Formateur à Purple Campus, Éric Mauchaussé a traversé quatre décennies de restauration haut de gamme, de Paris à Philadelphie. À l’heure de la transmission, il revient avec émotion sur son parcours, son engagement pour les arts de la table à l’occasion d’une rencontre à La Balette en compagnie du chef étoilé Laurent Lemal. Une leçon de passion, d’humilité et de mémoire.
Un destin né à Meursault
Dès l’âge de sept ans, Éric Mauchaussé sait qu’il veut être cuisinier. Aucun modèle familial, juste une évidence, née à table, un jour à Meursault. Pourtant, c’est un professeur de salle au lycée hôtelier Simone Weil à Dijon qui le détourne de ses premières amours pour lui transmettre une passion inaltérable : l’art du service. Le vrai. Celui qui va bien au-delà du simple “poser une assiette”.
De Paris à Londres, l’école de la rigueur
Formé au Grand Véfour chez Raymond Oliver, puis au Gavroche à Londres, il enchaîne les maisons mythiques : Lasserre, Baumanière, et même une aventure de trois ans pour ouvrir un palace à Londres. Chaque adresse est une brique dans l’édifice d’une vie vouée à l’exigence, à la précision et à une certaine idée du raffinement. Le genre de parcours où l’on commence en portant les assiettes et où l’on finit par diriger les établissements.

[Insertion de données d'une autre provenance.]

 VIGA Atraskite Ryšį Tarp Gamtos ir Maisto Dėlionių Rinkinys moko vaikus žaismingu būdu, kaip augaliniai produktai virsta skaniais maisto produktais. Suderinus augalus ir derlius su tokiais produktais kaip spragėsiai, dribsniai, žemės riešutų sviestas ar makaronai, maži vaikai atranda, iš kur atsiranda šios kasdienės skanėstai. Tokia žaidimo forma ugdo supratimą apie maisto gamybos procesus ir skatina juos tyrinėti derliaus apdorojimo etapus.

Jersey, Philadelphie, Arles : l’itinérance au service du sens
Après avoir dirigé la brasserie Nord-Pinus à Arles, l’île de Jersey l’appelle, puis Philadelphie. Il travaille pour des maisons tenues par d’anciens de Baumanière, preuve que les réseaux solides se tissent dans la chaleur des cuisines et la tension des services. Pourtant, il revient toujours. Pour la famille, pour l’équilibre. “À un moment, il faut penser à autre chose qu’au métier”, confie-t-il, sans regret mais avec gravité.
Le coup de cœur catalan
C’est presque par hasard – ou par destin – qu’il atterrit à Perpignan à la fin des années 1990, après un aller-retour éclair depuis Jersey pour rencontrer André Duflot à la Villa Duflot. Moins de 24 heures plus tard, il accepte le poste. Il y restera vingt ans, dont quinze aux côtés de Michel Védrines, disparu récemment, auquel il rend un hommage bouleversé. “Ce sont les plus belles années de ma carrière. C’était dur, mais c’était magique.”

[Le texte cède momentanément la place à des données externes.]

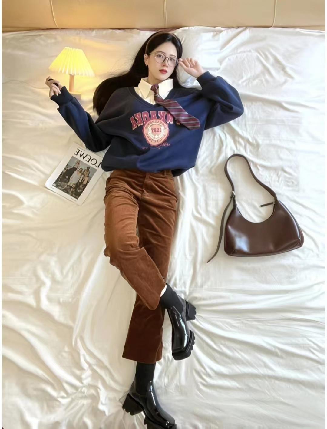 American retro college-style sweatshirt, the blue and brown color scheme has a 90s feel. This outfit idea is a fake two-piece tie sweatshirt + brown corduroy pants. It is a layered and full-textured outfit. Paired with a pair of thick-soled Chelseas, a small person can still be a sweet and cool senior.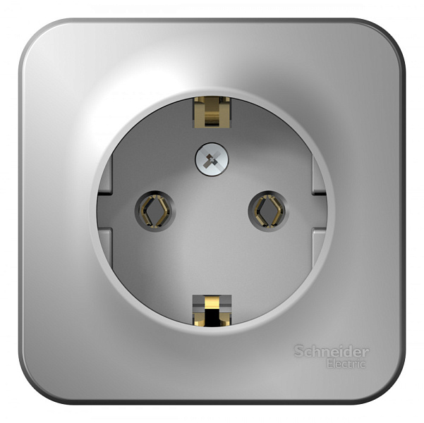 Розетка Systeme Electric (ранее Schneider Electric) BLANCA (алюминий, открытой установки) одноместная с заземлением, без шторок, предназначена для сетей до 250В, на ток до 16А.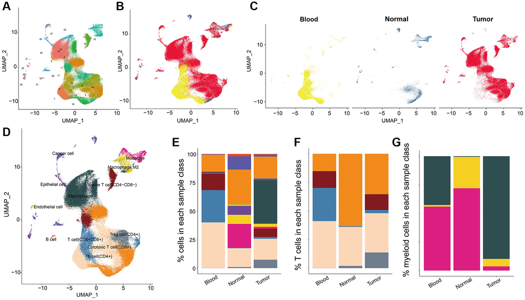 We identified a total of 23886 genes in 153,595 cells by integrating the GSE117570 and GSE162498 data with Seurat algorism. According to tSNE/UMAP analysis, these cells were mainly enriched into 29 distinct clusters (Figure 1A). Also, the cell distribution pattern in three sample types (tumor tissues, corresponding para-tumor normal tissues, and blood samples) was visualized. Most cells were mainly augmented in tumor tissue samples while the corresponding para-tumor normal tissue samples gained the lowest cell abundance (Figure 1B, 1C). The overall cell could be annotated into 12 cell types (Figure 1D). The cellular compositions, including cancer cells, T cells, B cells, endothelial cells, and so on (a total of 12 types of cells) in each sample type differed from other types. We found that blood samples had the highest abundance of T cells with the highest percentage of CD4+ T cells. Tumor tissue carried most cellular components such as cancer cells, T cells, B cells, and endothelial cells, among which macrophage had the highest percentages, following CD4+ and CD8+ T cells (Figure 1E). Furthermore, we found that CD4+ and CD8+ T cells were evenly distributed in tumor samples compared with the normal group (Figure 1F). Consistently, the macrophage was the most abundant of three myeloid cells (macrophage, monocyte, and M2-macrophage) in tumor tissues compared to the normal tissue (Figure 1G). These results suggested the active anti-cancer response in tumor tissues.

Transmettre, ou la revanche de la salle
Depuis 2019, Éric Mauchaussé est formateur au Purple Campus de Perpignan. CAP, BP, restaurant d’application, TP, flambages, découpages : il redonne vie à des gestes oubliés et plaide pour une vision élargie du métier. “Servir, ce n’est pas juste poser une assiette. C’est connaître la cuisine, savoir parler d’un vin, raconter une recette.” Il observe avec lucidité les écarts générationnels. Peu d’élèves en salle, beaucoup plus en cuisine. Une désaffection qu’il tente de compenser par la passion, la rigueur, et une pédagogie nourrie par l’expérience. “J’ai envie qu’ils aient une vision plus large, qu’ils comprennent la noblesse du geste.”

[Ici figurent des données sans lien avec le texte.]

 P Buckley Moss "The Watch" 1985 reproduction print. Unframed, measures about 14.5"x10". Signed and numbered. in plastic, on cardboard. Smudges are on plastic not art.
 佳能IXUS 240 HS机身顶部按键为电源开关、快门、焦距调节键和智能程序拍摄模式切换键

Les Toques Blanches, un levier essentiel
Pour lui, l’action des Toques Blanches est primordiale. Il salue le travail de Jean Plouzennec et l’énergie de l’association à faire rayonner la gastronomie catalane au-delà des frontières. Il évoque les débuts discrets – “la Mostra” au Clos des Lys – et les avancées concrètes, notamment l’inclusion croissante des arts de la table. “Ce ne sont plus seulement les chefs. Il y a les vignerons, les producteurs, la salle. C’est une belle dynamique. ”
Et après ?
Le 1er juillet, Éric Mauchaussé prendra officiellement sa retraite. Mais difficile de croire qu’il disparaîtra du paysage gastronomique local. Il envisage déjà de s’investir davantage dans l’association, d’accompagner des jurys, de faire des interventions ponctuelles au centre de formation. Parce qu’on ne se défait pas de 45 ans de passion comme on raccroche un veston. “C’est ma vie. Je ne pourrai pas faire autrement.” Il le dit sans emphase. Juste avec cette sincérité désarmante qui résume si bien son parcours.